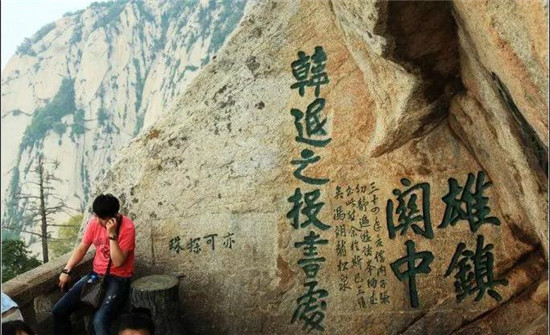 一座山就是一塊花崗巖巨石,自古華山一條道,唐時(shí)韓愈游華山,雄心勃勃,攀至蒼龍嶺時(shí),向下望了一眼,頓時(shí)覺(jué)得頭暈?zāi)垦#瑑赏却驊?zhàn),兩腋生風(fēng),再也不敢挪動(dòng)一步,趺坐于山脊一凹處,上不去,下不來(lái),走投無(wú)路。絕望之下,將衣衫撕成片,寫(xiě)下求救信,扔下山崖,終有一條被人揀到,報(bào)與官府,這才得救。現(xiàn)有蒼龍嶺“韓愈投書(shū)處”為證。
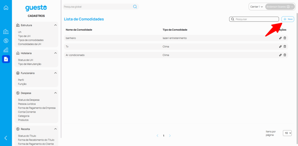 Para adicionar uma nova comodidade, siga os seguintes passos:
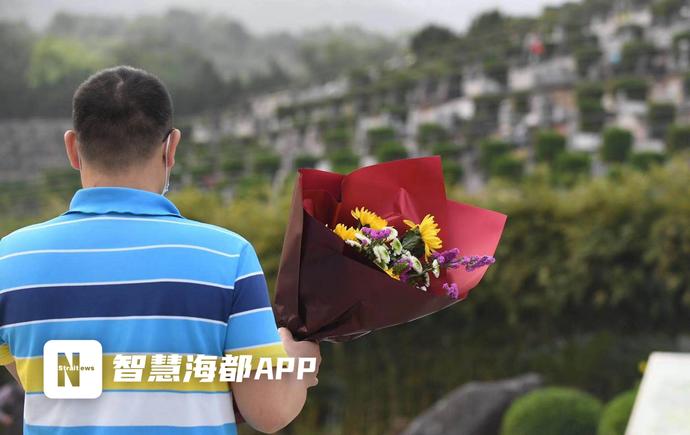 清明首日,天氣晴朗,不少市民提著鮮花和祭掃的相關物品,拉著家人一起來到陵園祭掃。
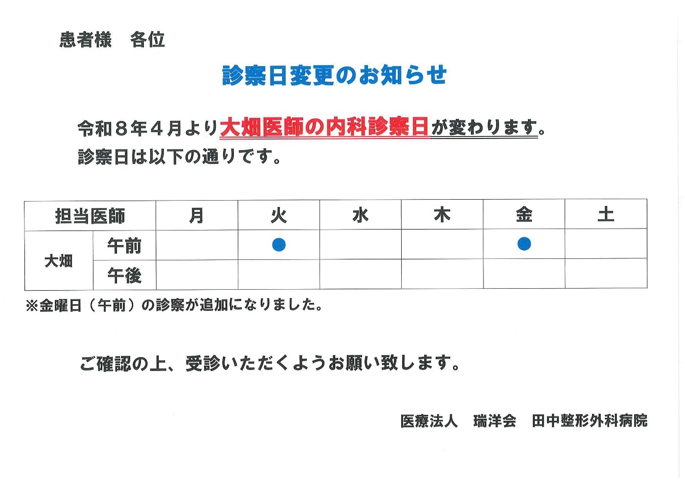 令和8年4月より大畑医師の内科診察日変更のお知らせ
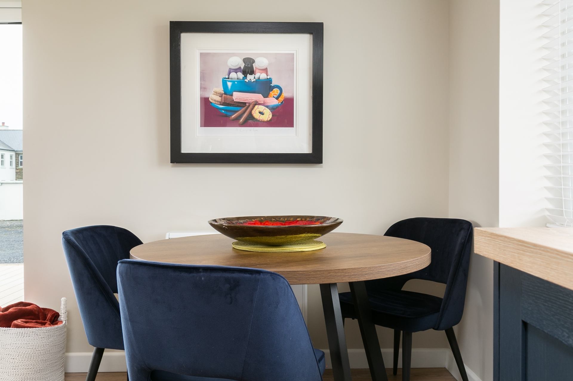 Kitchen & Dining area: Well equipped, with oven, hob, microwave, nespresso coffee machine, air fryer, fridge, freezer, washing machine, tumble dryer and dining table with three chairs.
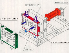接続した時の流体反力によるマルチユニット間の分離する力を受けるロック装置を構成します。 |
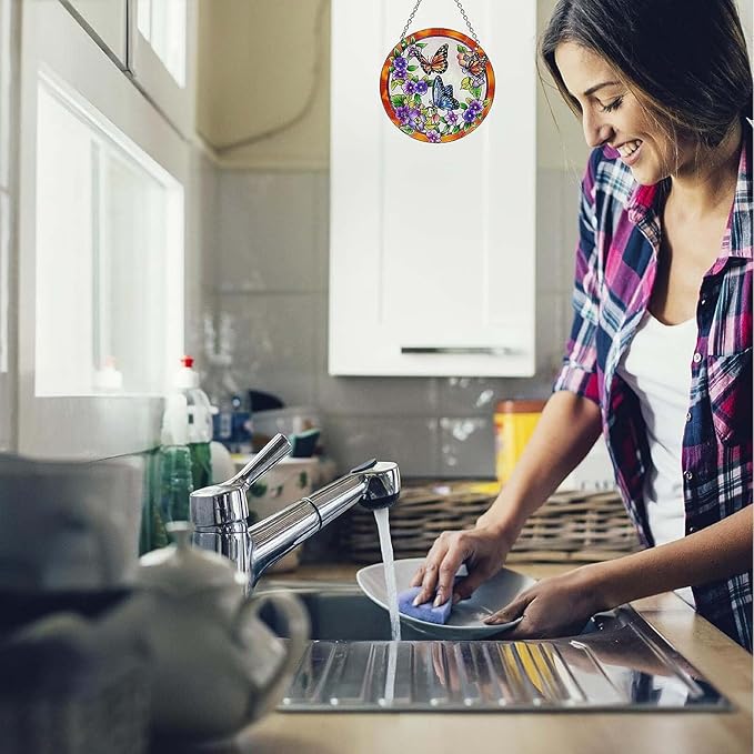- 【Pretty Window Decoration】This is a very pretty suncatcher. It's not huge (about the size of your hand) which is the perfect size for the windows. It adds a nice accent to a window without dominating it .so you can look outside to spot real butterfly and flowers.The colors are bright and catch the sun beautifully. It comes in a color box gift packaging.
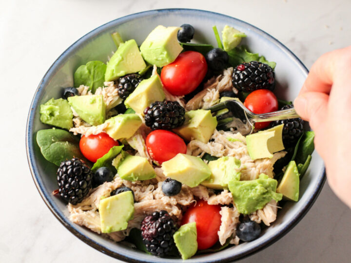 This easy summer salad is full of hydrating foods like watermelon, cucumber, jicama & blueberries and topped with a simple (yet addicting) coconut lime dressing. Every bite is refreshing, crunchy, creamy, and slightly sweet + tangy!
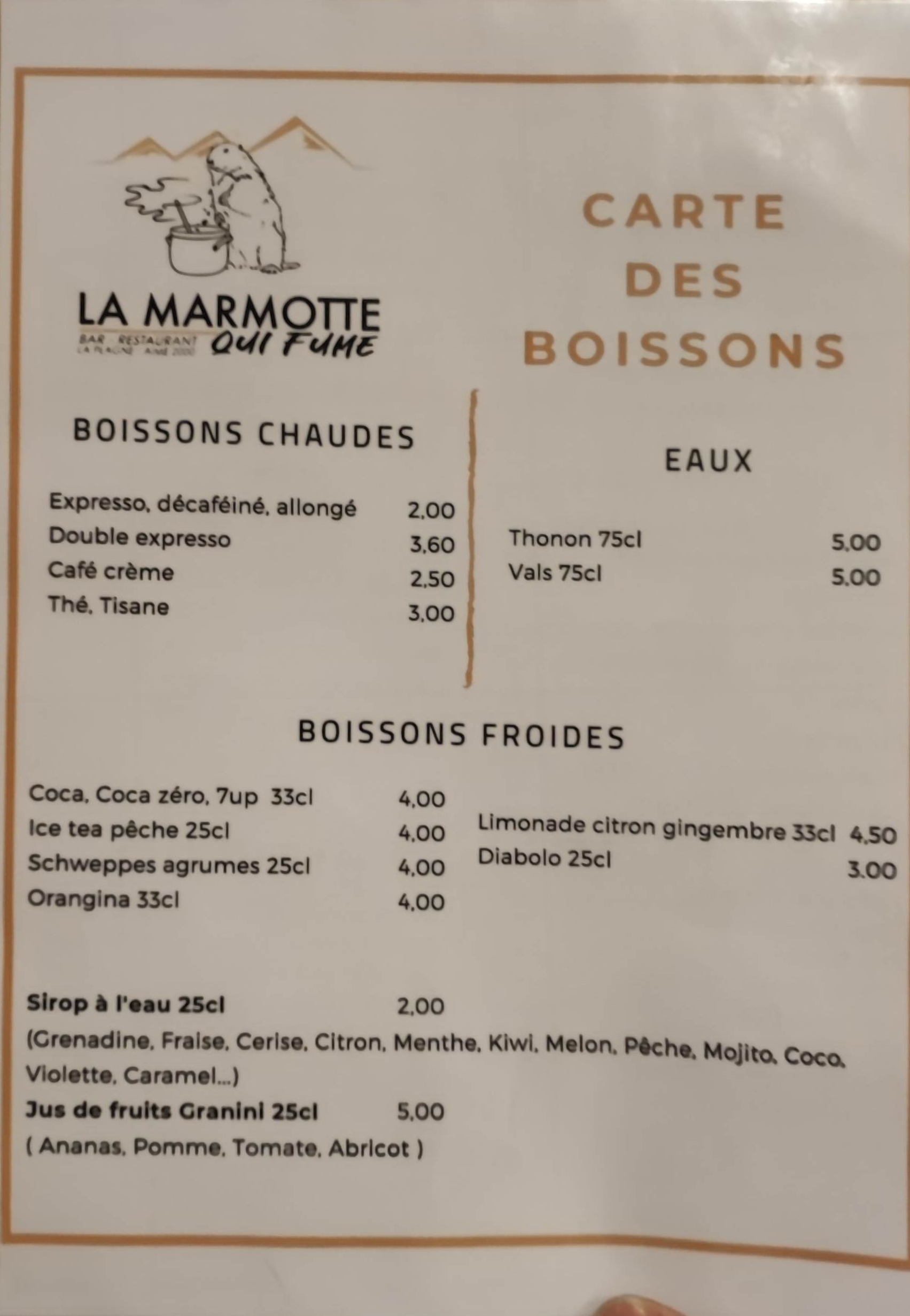 Merci à Seb de Sport 2000 Plagne village de nous avoir indiqué l’adresse de la marmotte. La cuisinière a bien fait de changer de carrière!! Cuisine de dame découpe de la viande aux petits oignons légumes hum hum, du délice du bonheur !! Ptite carte qui prouve bien le respect des produits premiers. Les prix rien à dire la carte des vins du velours ! Un jurassien avec son amoureuse heureux de cette soirée ! Nous espérons revoir votre serveur cette hiver. Les desserts je dis rien vous avez compris. Vraiment bravo pour un resto de station! Pour la dame qui nous a vendu le chablis à notre sortie. J’aurai une pensée toute particulière à son égard à notre retour du roc du bécoin à 12h demain ! Bel établissement bonne continuation! Nous reviendrons dans 13 jours à la Plagne avec un colis pour les garçons que vous connaissez à Plagne village, je pense aussi à notre Madeleine ! J’espère que les filles de la marmotte qui fume en profiteront aussi ! On surveille de loin. Merci pour vos talents mes dames . A bientôt…..
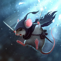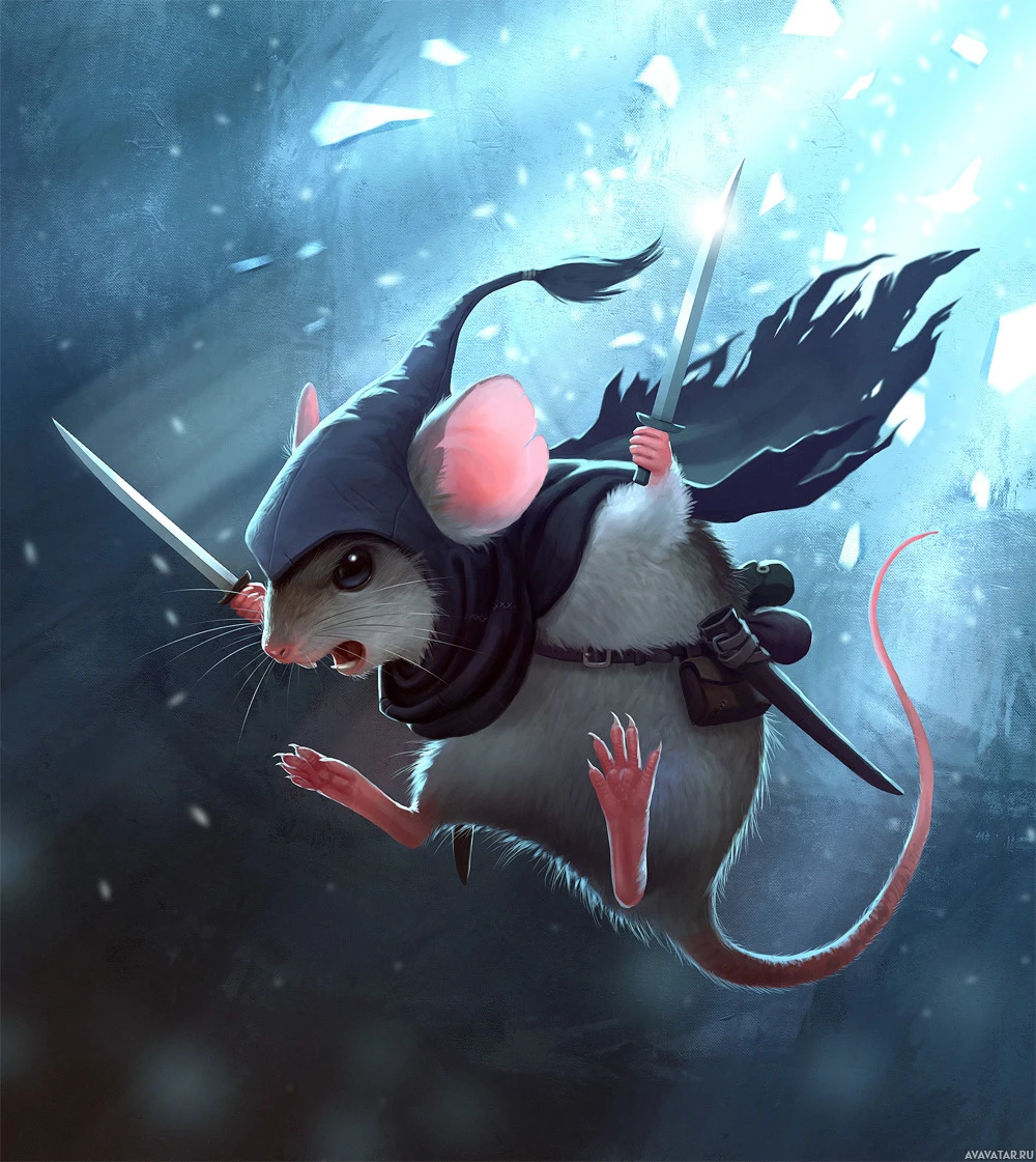 a mouse character. This mouse has human-like features, such as the ability to stand upright and hold objects like a sword in its paws. It is dressed in armor with a cloak, suggesting an adventurous or heroic theme. The setting appears to be dark and stormy, with snowflakes falling and a dramatic sky, which adds to
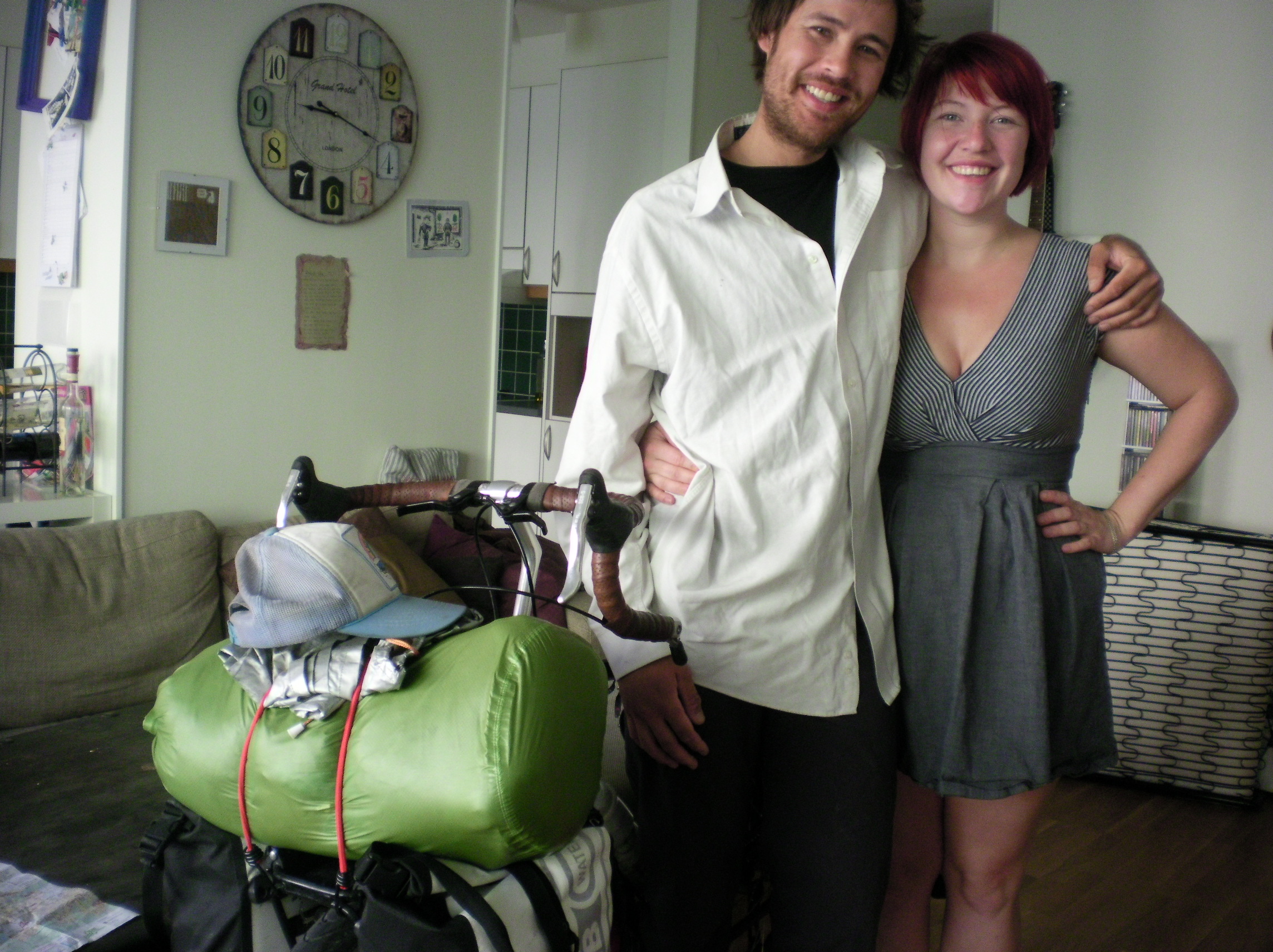 The next morning it rained but my friend Pieter and Kristina offered to help me fix my bike, after a few attempts at welding the decided to fix the bike the “Viking way” using flexibility to establish the utmost strength. After fabricating a few straps out of aluminum gaby is now better than new and can continue to carry heavy loads.

• **Instructions to follow**: Please give the data again unaltered, leaving out any images.

• **The answer**:
 一座山就是一塊花崗巖巨石,自古華山一條道,唐時(shí)韓愈游華山,雄心勃勃,攀至蒼龍嶺時(shí),向下望了一眼,頓時(shí)覺(jué)得頭暈?zāi)垦#瑑赏却驊?zhàn),兩腋生風(fēng),再也不敢挪動(dòng)一步,趺坐于山脊一凹處,上不去,下不來(lái),走投無(wú)路。絕望之下,將衣衫撕成片,寫(xiě)下求救信,扔下山崖,終有一條被人揀到,報(bào)與官府,這才得救。現(xiàn)有蒼龍嶺“韓愈投書(shū)處”為證。
 Para adicionar uma nova comodidade, siga os seguintes passos:
 清明首日,天氣晴朗,不少市民提著鮮花和祭掃的相關物品,拉著家人一起來到陵園祭掃。
 令和8年4月より大畑医師の内科診察日変更のお知らせ
 Kitchen & Dining area: Well equipped, with oven, hob, microwave, nespresso coffee machine, air fryer, fridge, freezer, washing machine, tumble dryer and dining table with three chairs.
接続した時の流体反力によるマルチユニット間の分離する力を受けるロック装置を構成します。 |
- 【Pretty Window Decoration】This is a very pretty suncatcher. It's not huge (about the size of your hand) which is the perfect size for the windows. It adds a nice accent to a window without dominating it .so you can look outside to spot real butterfly and flowers.The colors are bright and catch the sun beautifully. It comes in a color box gift packaging.
 This easy summer salad is full of hydrating foods like watermelon, cucumber, jicama & blueberries and topped with a simple (yet addicting) coconut lime dressing. Every bite is refreshing, crunchy, creamy, and slightly sweet + tangy!
 Merci à Seb de Sport 2000 Plagne village de nous avoir indiqué l’adresse de la marmotte. La cuisinière a bien fait de changer de carrière!! Cuisine de dame découpe de la viande aux petits oignons légumes hum hum, du délice du bonheur !! Ptite carte qui prouve bien le respect des produits premiers. Les prix rien à dire la carte des vins du velours ! Un jurassien avec son amoureuse heureux de cette soirée ! Nous espérons revoir votre serveur cette hiver. Les desserts je dis rien vous avez compris. Vraiment bravo pour un resto de station! Pour la dame qui nous a vendu le chablis à notre sortie. J’aurai une pensée toute particulière à son égard à notre retour du roc du bécoin à 12h demain ! Bel établissement bonne continuation! Nous reviendrons dans 13 jours à la Plagne avec un colis pour les garçons que vous connaissez à Plagne village, je pense aussi à notre Madeleine ! J’espère que les filles de la marmotte qui fume en profiteront aussi ! On surveille de loin. Merci pour vos talents mes dames . A bientôt…..
 a mouse character. This mouse has human-like features, such as the ability to stand upright and hold objects like a sword in its paws. It is dressed in armor with a cloak, suggesting an adventurous or heroic theme. The setting appears to be dark and stormy, with snowflakes falling and a dramatic sky, which adds to
 The next morning it rained but my friend Pieter and Kristina offered to help me fix my bike, after a few attempts at welding the decided to fix the bike the “Viking way” using flexibility to establish the utmost strength. After fabricating a few straps out of aluminum gaby is now better than new and can continue to carry heavy loads.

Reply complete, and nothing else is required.